Когда дочери кто-то осторожно сказал, что бабушке редко меняют памперсы, она искренне возмутилась и удивилась. – Как так? Ведь мы платим санитаркам!
Получается даже за деньги (наши деньги, вознаграждение) они не выполняли свою работу.

      К Мартыновой приходила каждый вечер дочь. Сидела с ней, кормила, поила. Но в семь вечера суровый охранник выгонял ее, объясняя, что время для посещений закончилось. Дочь расстраивалась. Она успевала с работы приехать только к вечеру. Бабушка плакала. Ей этого времени тоже не хватало для общения. Дочь уходила и она замолкала.
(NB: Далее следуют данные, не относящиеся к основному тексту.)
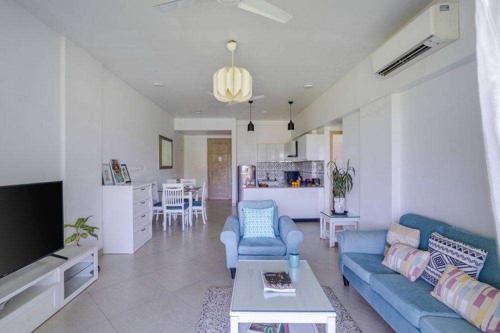Beautifully decorated apartment with all amenities viz gas stove, all utensils one can think of, electric kettle, RO water, premium beds, toiletries , desks, shoe racks, towels, iron, locker, AC , TV with netflix :D Can go on and so forth Mostly, a very courteous and friendly staff Location is superb as close to fisherman’s cove and minutes from beach.

Она вообще мало говорила, только стонала, ей было очень плохо.

       Глуховатая  вьетнамка Вера.  Когда-то у нее была семья, родился сынок, но потом (не знаю уж причины) женщина начала выпивать.  Муж забрал сына и уехал от нее. Ее и привезли в реанимацию после какой-то гулянки абсолютно никакую.  Сумочка с деньгами и документами была успешно утеряна, как и сотовый телефон. Осталась только ветхая курточка на рыбьем меху и теплые колготки с огромными дырками на пятках.  Вера хотела выписаться скорее. Жила у двоюродной сестры с мужем и еще там  с кем-то в однокомнатной квартире.  Было понятно, что и своим родным Вера была не особо нужна.  А мне было ее жаль. Добрая она. Сама чуть ходила, но пыталась напоить бабушек водичкой, накормить, сказать доброе слово, поправить одеяло. И еще ей нестерпимо хотелось курить.  И она ходила, стреляла сигареты в мужских палатах.  Тогда к ней возвращалось настроение и Верин смех колокольчиком раздавался то в одном, то в другом конце больничного коридора.  Врач поначалу говорила ей лежать. Но Вера недоуменно смотрела на нее  и оправдывалась: - зачем? Я же могу ходить!   И ходила. Хотя ее мотало из стороны в сторону. Она улыбалась своей детской, какой-то беззащитной улыбкой и все время была готова всем помогать.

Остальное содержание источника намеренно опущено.